▶ _Your task_: The reply should match the listing below character for character, except that no image is carried over.

▶ _Material provided_:
'''
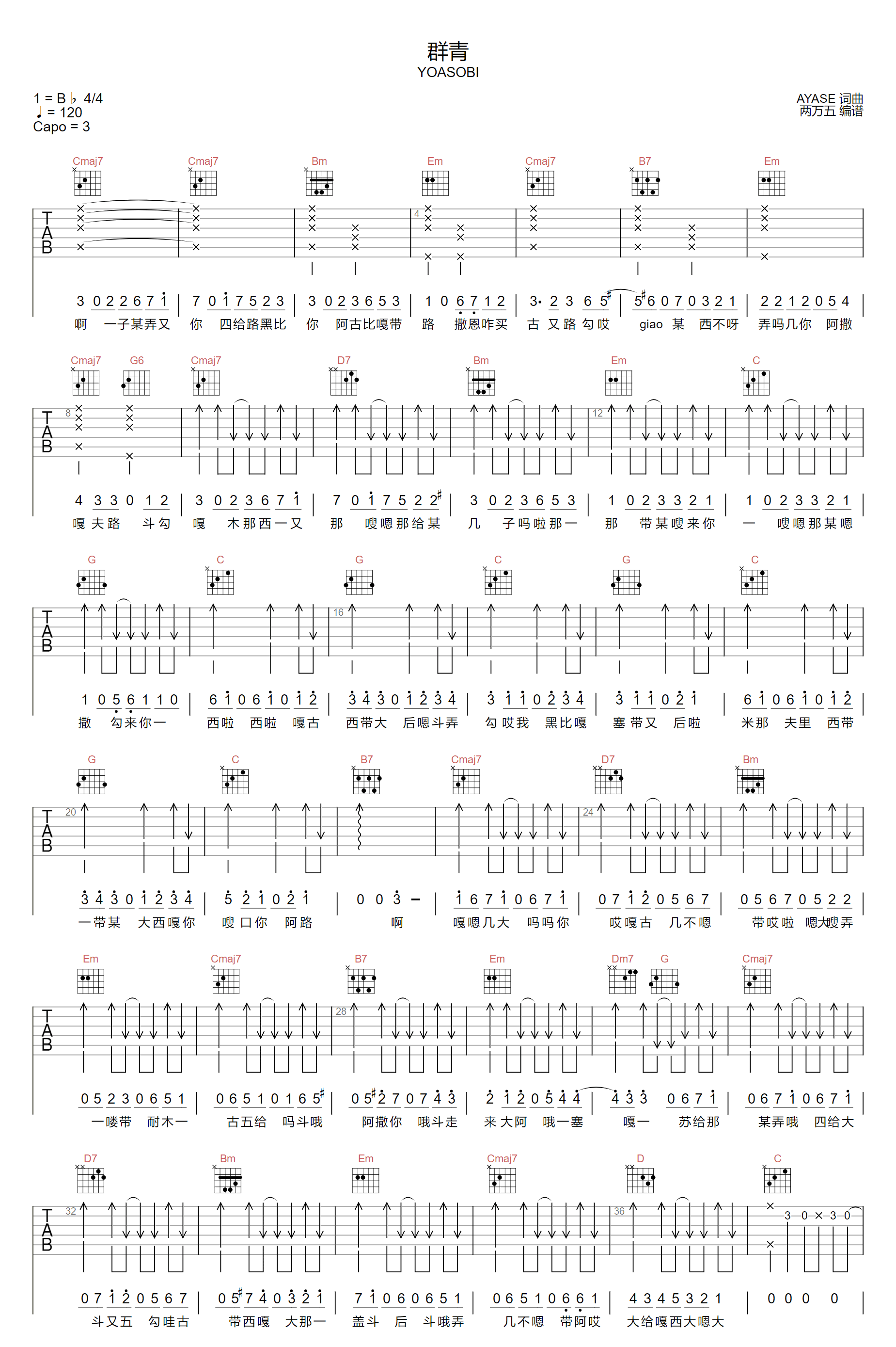 《群青》的吉他弹唱谱制作精良,选用了总谱,并推荐使用变调夹夹3品。曲谱还原度很高,同时还包含一些拍弦技巧的应用,对于对此感兴趣的朋友来说,可以尝试一下。
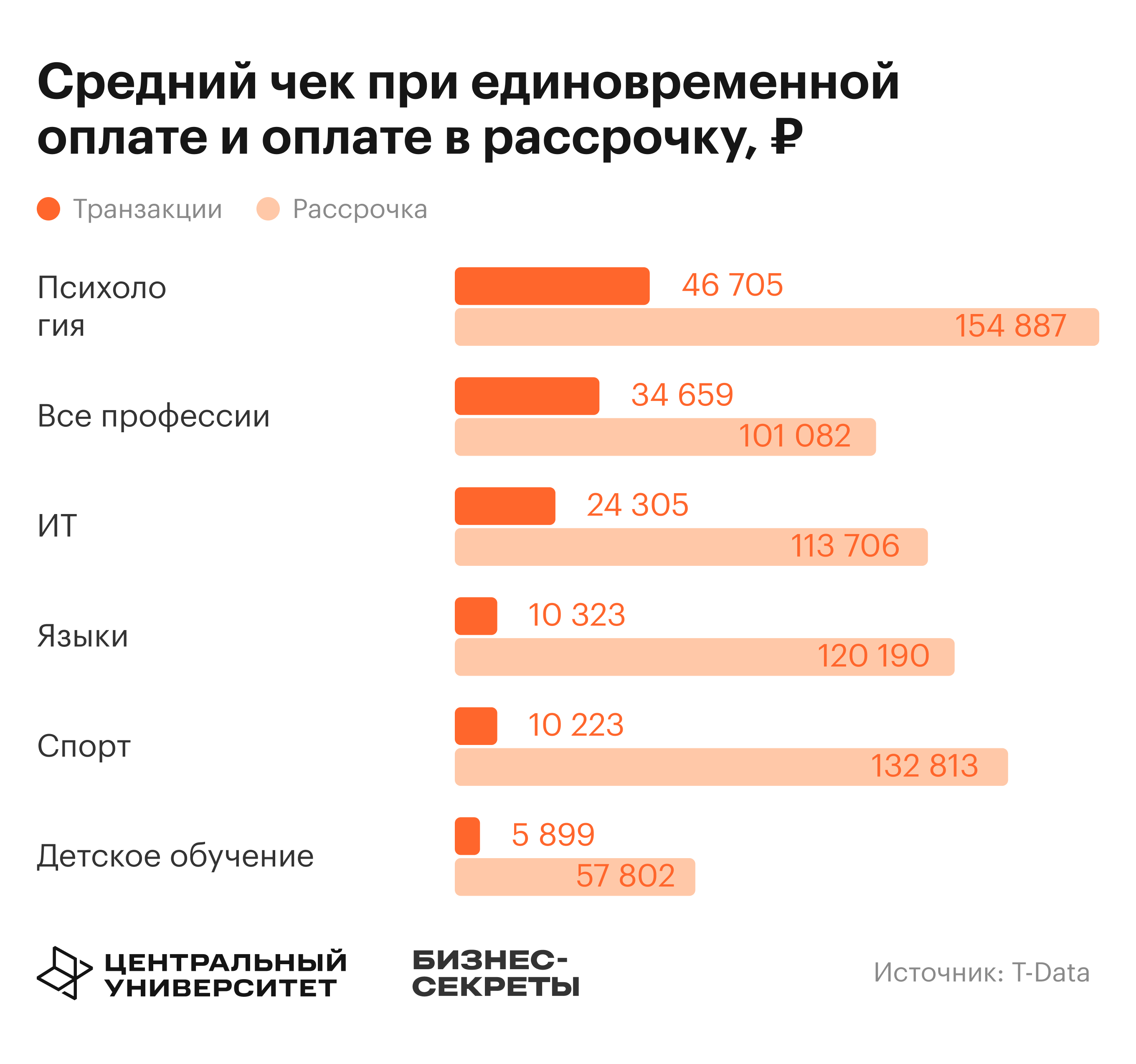 Средний чек покупки в рассрочку в 3—13 раз выше чека единоразовой оплаты, наибольшая разница — в спортивном, детском и языковом обучении.
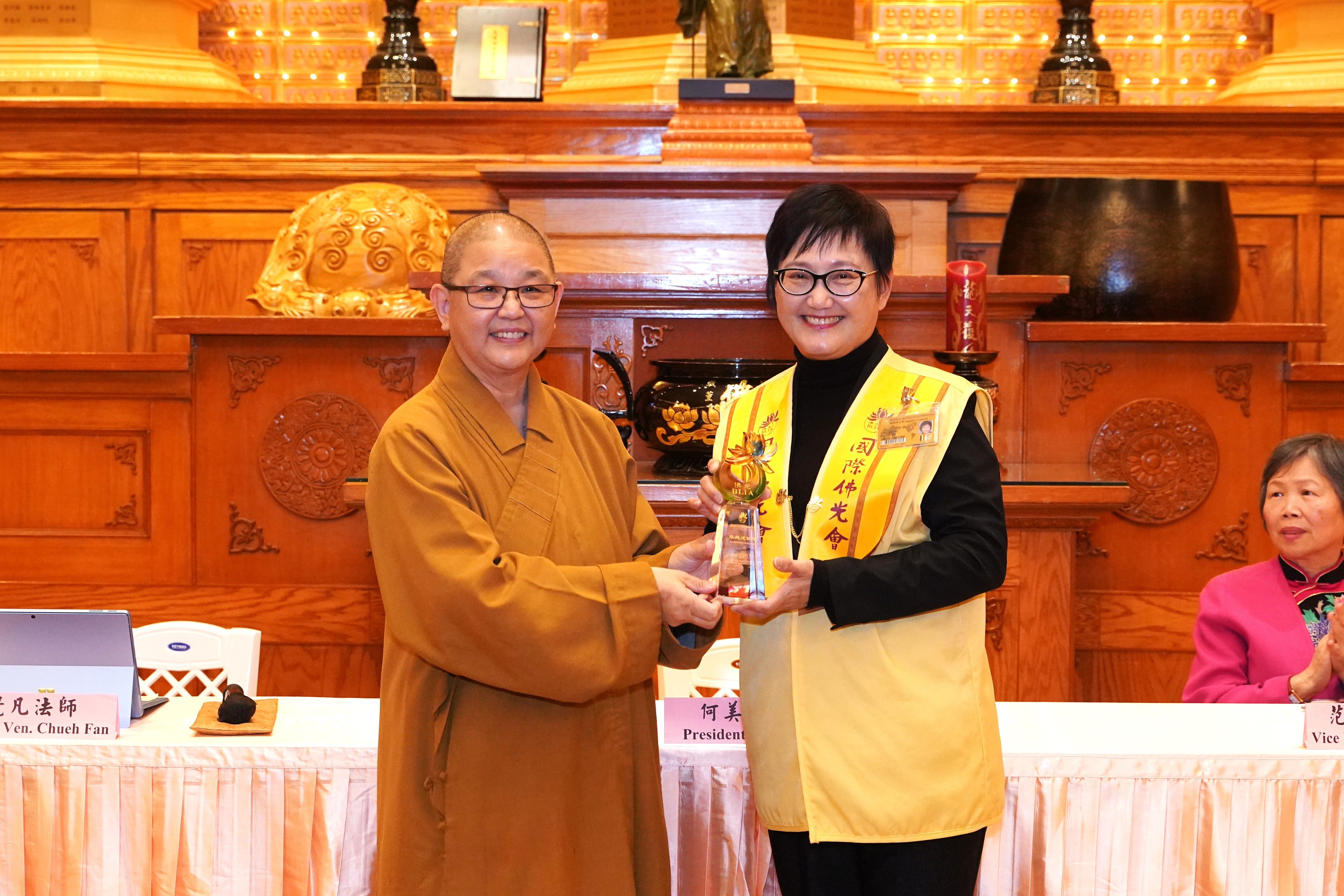 President Mabel Lam reflected on the chapter’s efforts over the past year, noting that challenges such as the pandemic inspired innovation, including the expansion of online Dharma programs and creative service initiatives. She expressed gratitude to the monastic community for its guidance and to all members for their dedication and teamwork, and conveyed confidence in the incoming leadership.
'''
▶ _Answer to the exercise_:
 《群青》的吉他弹唱谱制作精良,选用了总谱,并推荐使用变调夹夹3品。曲谱还原度很高,同时还包含一些拍弦技巧的应用,对于对此感兴趣的朋友来说,可以尝试一下。
 Средний чек покупки в рассрочку в 3—13 раз выше чека единоразовой оплаты, наибольшая разница — в спортивном, детском и языковом обучении.
 President Mabel Lam reflected on the chapter’s efforts over the past year, noting that challenges such as the pandemic inspired innovation, including the expansion of online Dharma programs and creative service initiatives. She expressed gratitude to the monastic community for its guidance and to all members for their dedication and teamwork, and conveyed confidence in the incoming leadership.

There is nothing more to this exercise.